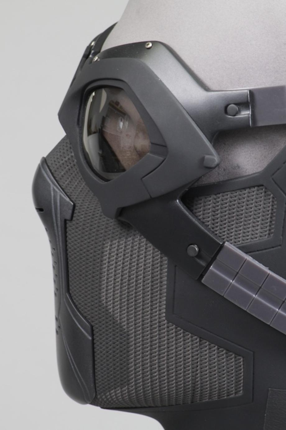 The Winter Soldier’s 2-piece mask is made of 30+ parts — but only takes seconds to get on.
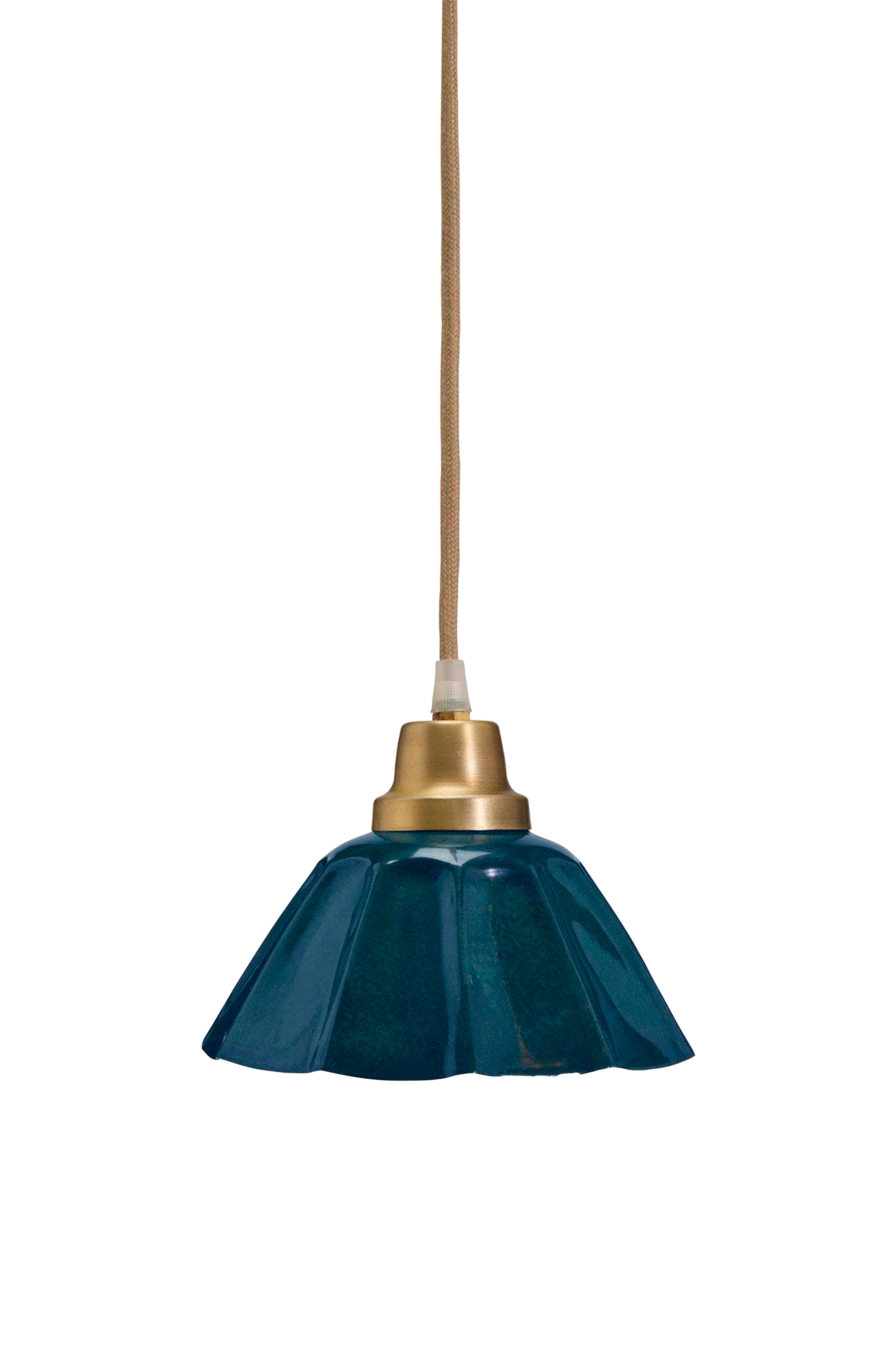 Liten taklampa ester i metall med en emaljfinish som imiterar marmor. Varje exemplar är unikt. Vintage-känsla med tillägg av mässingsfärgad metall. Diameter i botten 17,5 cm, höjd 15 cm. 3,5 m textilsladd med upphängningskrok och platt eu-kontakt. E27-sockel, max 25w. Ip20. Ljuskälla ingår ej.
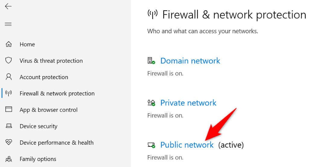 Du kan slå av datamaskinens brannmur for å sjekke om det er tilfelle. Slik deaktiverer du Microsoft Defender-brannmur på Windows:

_ _ _ _

**AIM OF THE TASK**
Write out the data above exactly as it appears, but without any image.

**ANSWER AREA**
 The Winter Soldier’s 2-piece mask is made of 30+ parts — but only takes seconds to get on.
 Liten taklampa ester i metall med en emaljfinish som imiterar marmor. Varje exemplar är unikt. Vintage-känsla med tillägg av mässingsfärgad metall. Diameter i botten 17,5 cm, höjd 15 cm. 3,5 m textilsladd med upphängningskrok och platt eu-kontakt. E27-sockel, max 25w. Ip20. Ljuskälla ingår ej.
 Du kan slå av datamaskinens brannmur for å sjekke om det er tilfelle. Slik deaktiverer du Microsoft Defender-brannmur på Windows:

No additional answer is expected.